Dan Navin, Assistant Vice President of Tax & Economic Policy for the Ohio Chamber of Commerce (Chamber) testified before the committee on March 11. Saying his membership includes all types and sizes of businesses in the state, Navin told the committee that the Chamber opposes the proposal despite the provisions that benefit small businesses. Navin said that the administration’s executive budget moves the state’s tax structure in the direction of providing economic benefits to small business and individual taxpayers that must be paid for by higher taxes on larger businesses.

Navin went on to tell the committee that the Chamber was in opposition to the governor’s proposal to increase the CAT from .28 percent to .32 percent, saying the rate must remain low and apply broadly in order for it to remain palatable for business. Regarding the governor’s proposal to expand the state sales tax base, he said the proposal would include a multitude of business to business services that would greatly increase the cost of doing business in the state. Arguing that business and professional services should not be thought of as a tax on final consumption, Navin said the expansion would result in tax pyramiding.

The discussion on the governor’s tax proposal will now move back to the House Finance Committee. Amendments to the budget are due by March 27, and a substitute version of the legislation will be unveiled the week of April 13. A link to the more detailed analysis by EY can be found on The Ohio House of Representatives' website.

Workers’ comp bill passes House without drama

House Bill 52, the biennial budget for the Bureau of Workers’ Compensation (BWC), passed the House unanimously this week. The $552.4 million budget is a four percent decrease compared to the appropriation for the previous biennium, a savings of more than $23 million.

Among the provisions included, the bill would do the following:

  • Exempt volunteer corporate officers who work for a nonprofit corporation from coverage under Ohio’s Workers’ Compensation Law.
  • Allow for a mentally or physically incapacitated dependent to continue receiving workers’ compensation death benefits while employed in a sheltered workshop if the dependent earns $2,000 or less in a calendar year.

  • Allow a self-insuring employer to furnish rehabilitation services directly to injured employees without prior approval from BWC.

  • Add to the notice that the administrator must provide to an employer, upon appeal of an Industrial Commission order, that the results of the appeal may result in a recovery against an employer who is a noncomplying employer.

The bill now moves to the Senate for consideration.

Bill to curb algae in Lake Erie receives House approval

House Bill 61, legislation to generally prohibit the application of manure or fertilizer on frozen ground in the western Lake Erie basin was approved this week.

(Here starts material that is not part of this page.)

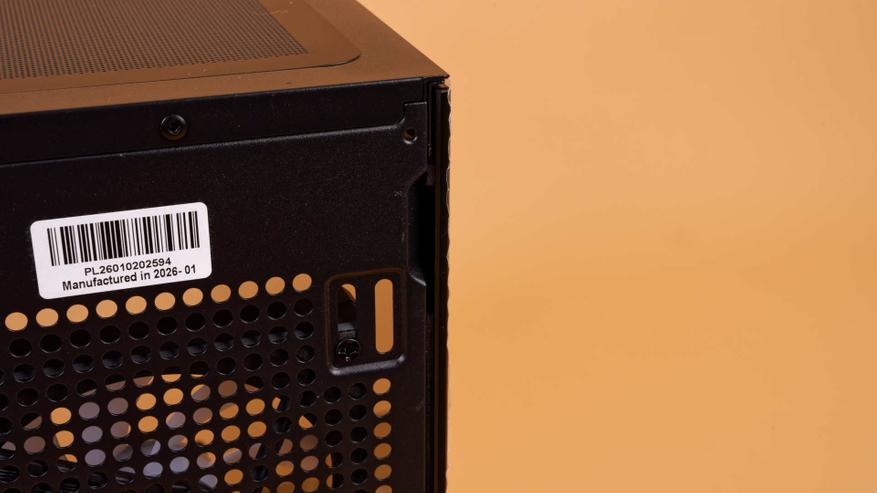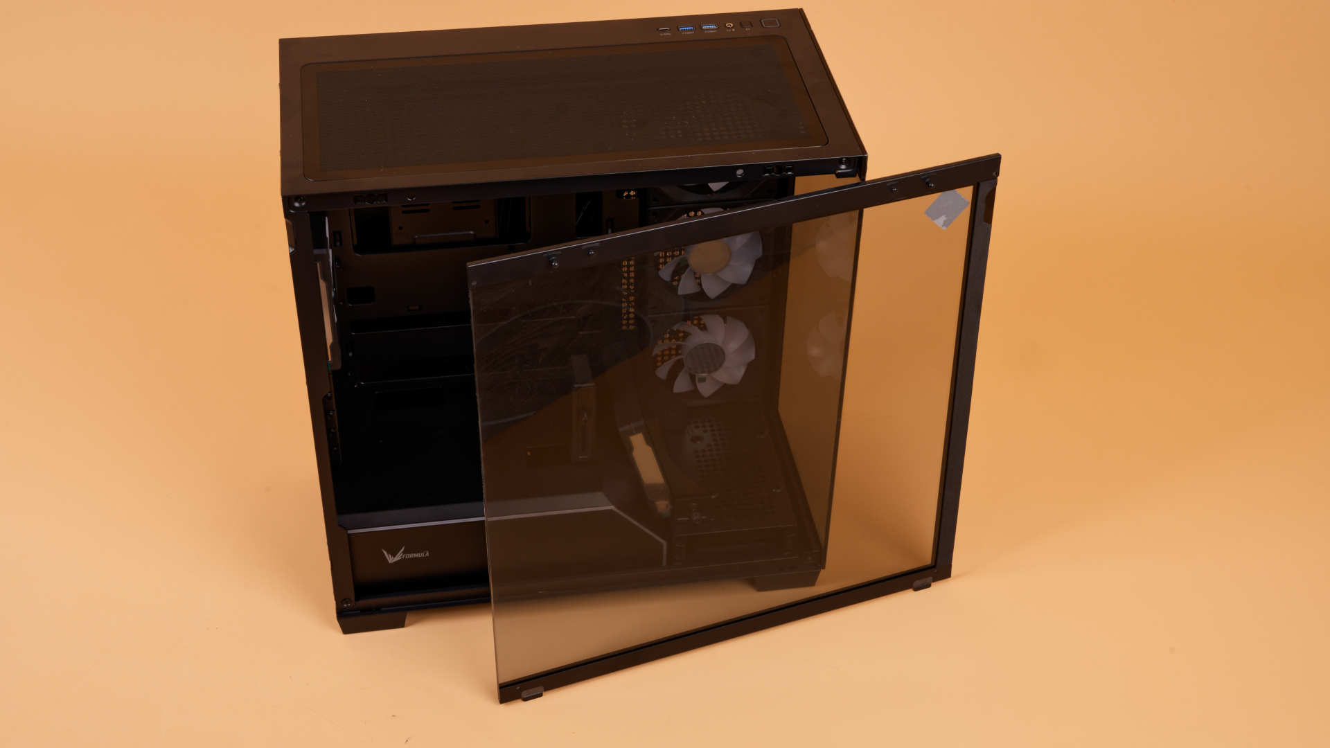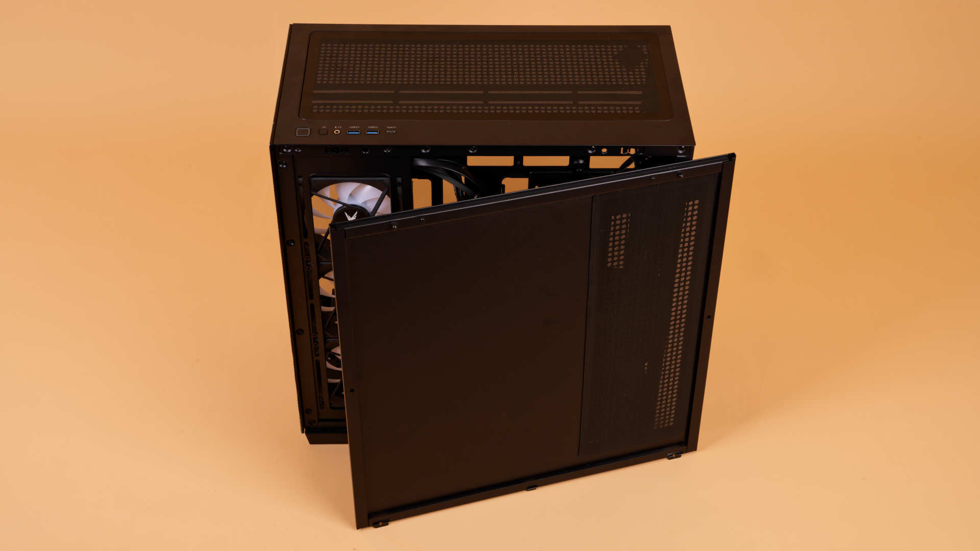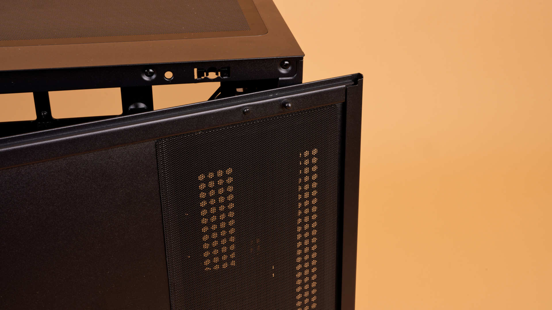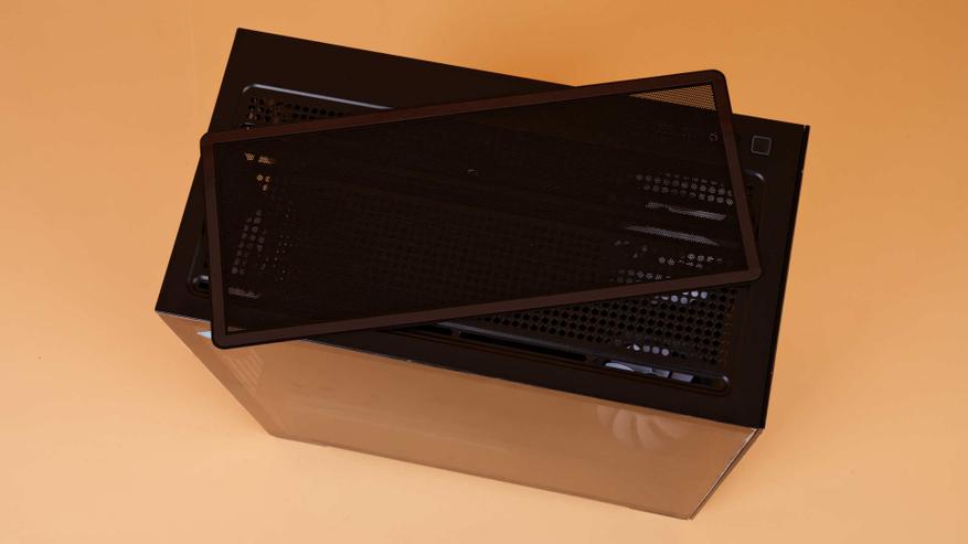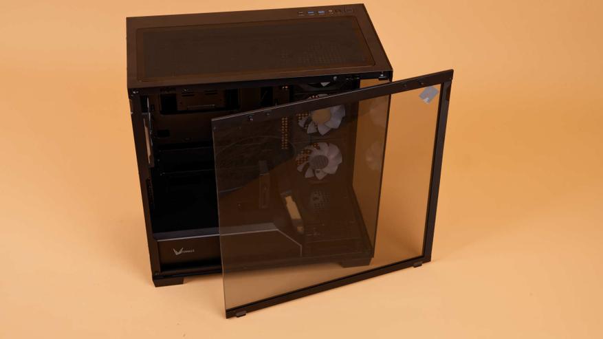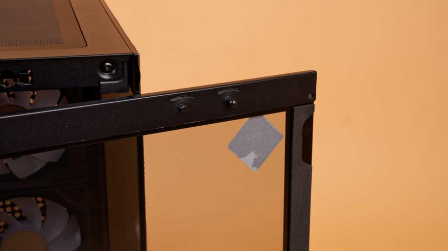 Левая боковая панель, выполненная из того же закалённого стекла, повторяет эстетику передней. Её также обрамляет скрывающий металлические планки чёрный кант. Чтобы снять панель, нужно потянуть её на себя с тыльной стороны корпуса — для этого предусмотрено небольшое углубление, за которое удобно зацепиться пальцем.

Nutrient management has been a topic of multiple pieces of legislation in recent years due to the prevalence of algae blooms on Ohio’s lakes.

Ohio Department of Agriculture Director Dave Daniels testified in support of the legislation, saying “One of the most effective methods of mitigating agricultural runoff is to incorporate applied nutrients into the soil. A key tenant of responsible nutrient stewardship is applying manure and fertilizer at the right time and we know that applying nutrients when the soil is frozen, or snow covered, or saturated by rain, is the wrong time.”

Daniels said that the department has been busy implementing provisions of Senate Bill 150, which required the creation of a fertilizer applicator certification program, the first of its kind in the country to train and certify farmers on proper fertilizer application efforts. To date, the department has certified more than 2,500 farmers on the principles of the 4R Nutrient Stewardship program.

The bill now goes to the Senate for consideration.